--- EXTRACTED ENTRIES ---
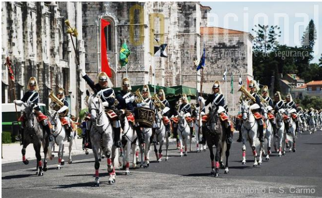
Sfilata delle Confraternite con charanga della GNR Jerónimos
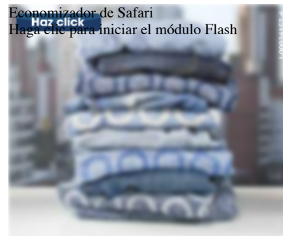
Economizador de Safari. Haga clic para iniciar el módulo Flash

Arturo Herrera creó el mural Victoria , que ocupa toda una pared. En magenta y verde establece un diálogo entre el interior de la sala y el jardín del Centro de Arte Los Galpones. En la pintura, las formas confunden su apariencia entre lo orgánico y lo abstracto.
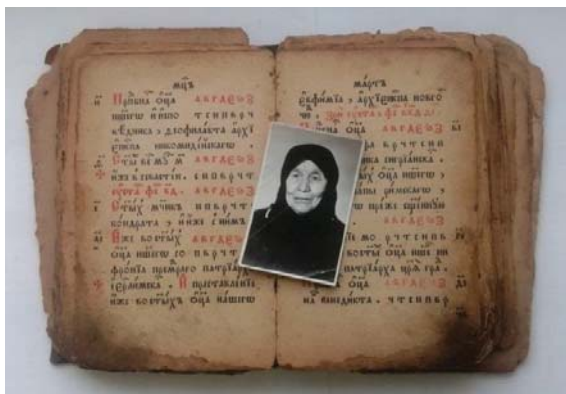
Рисунок 2 – Устав о христианском житии. – [Дергачи: типография Л. Гребнева, конец XIX – начало XX в.]. K19–20/Hp38

«Устав о христианском житии» K19–20/Hp23, предположительно, был издан в 1908 г. Утрачены листы в начале и конце блока, последний из сохранившихся (л. 253) содержит начало Пасхалии, рассчитанной с 7416 [1908] г.
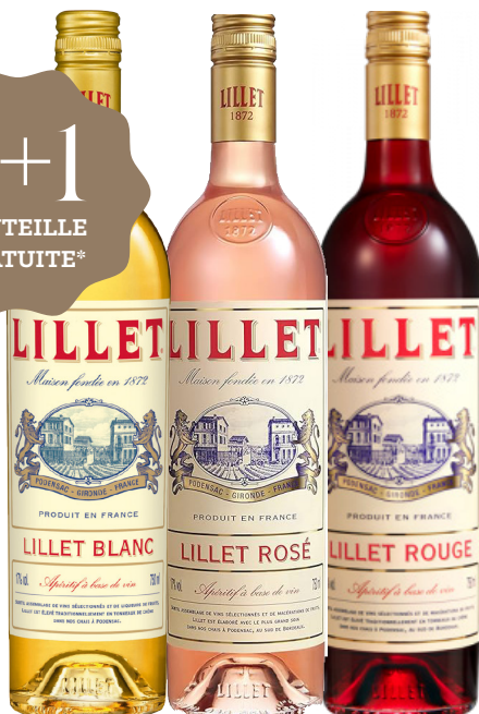
LILLET 75 cl - 17° - 11,81 €

--- AIM OF THE TASK ---
Pictures are to be left out while the lines from the beginning of the records through the line with "Arturo Herrera creó" are copied word for word.

--- REPLY ---
Sfilata delle Confraternite con charanga della GNR Jerónimos
Economizador de Safari. Haga clic para iniciar el módulo Flash

Arturo Herrera creó el mural Victoria , que ocupa toda una pared. En magenta y verde establece un diálogo entre el interior de la sala y el jardín del Centro de Arte Los Galpones. En la pintura, las formas confunden su apariencia entre lo orgánico y lo abstracto.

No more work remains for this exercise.